To streatch a certain nonlinear spring by an amount 2x requires a force F given by F=40x-6x^2 where F is in newtons and x is in meters. What is the change in potential energy when the spring is stretched 2 meters from its equilibrium position?
a)16 J
b)28 J
c)56 J
d)64 J
e)80 J
P.E. = mgh but how would I relate this to this current problem?

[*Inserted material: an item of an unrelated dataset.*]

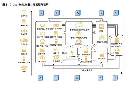 最开始需要设计一条路线,使消费者从被动接触到主动行动。把他们引向你设定的场所,如网络、活动、展厅、店头等;在检查和修改路线时,一定注意确保参与沟通活动的消费者人数规模,如果等候体验的时间太长,或者可以参与的人数比较少,都不是很好的导线设计。最后,Cross Switch不等于媒体组合。媒体组合罗列了到达目标人群的媒体分布,而Cross Switch是可以引导目标人群行动的导线;媒体组合是媒介预算分配,而Cross Switch是沟通导线设计。可以说Cross Switch是二维度矩阵营销,如图3所示。

Or would the answer just be c) 56 J ( I got this by plugging in 2 for x in the equation)
PE= INT F dx
integrated F dx from zero to 2m.
To find the change in potential energy when the spring is stretched 2 meters, we'll need to integrate the force function with respect to distance.
The potential energy, PE, stored in the spring can be calculated by integrating the force, F, with respect to distance, x:
PE = ∫ F dx
In this case, the force function is given as F = 40x - 6x^2.
Integrating F with respect to x:
PE = ∫ (40x - 6x^2) dx
To evaluate this integral, we'll need to split it into two parts:
PE = ∫ 40x dx - ∫ 6x^2 dx
Let's start by evaluating the first integral:
∫ 40x dx = 20x^2 + C1
Now, let's evaluate the second integral:
∫ 6x^2 dx = 2x^3 + C2
Combining the two integrals:
PE = 20x^2 + C1 - 2x^3 + C2
Since we're interested in the change in potential energy when the spring is stretched 2 meters from its equilibrium position, we'll evaluate the integral from x = 0 to x = 2:
PE = [20(2)^2 + C1 - 2(2)^3 + C2] - [20(0)^2 + C1 - 2(0)^3 + C2]
PE = 80 + C1 - 16 + C2 - (0 + C1 - 0 + C2)
PE = 80 - 16 + (C1 - C1) + (C2 - C2)
PE = 80 - 16 + 0 + 0
PE = 64 J
Therefore, the change in potential energy when the spring is stretched 2 meters from its equilibrium position is 64 J (option d).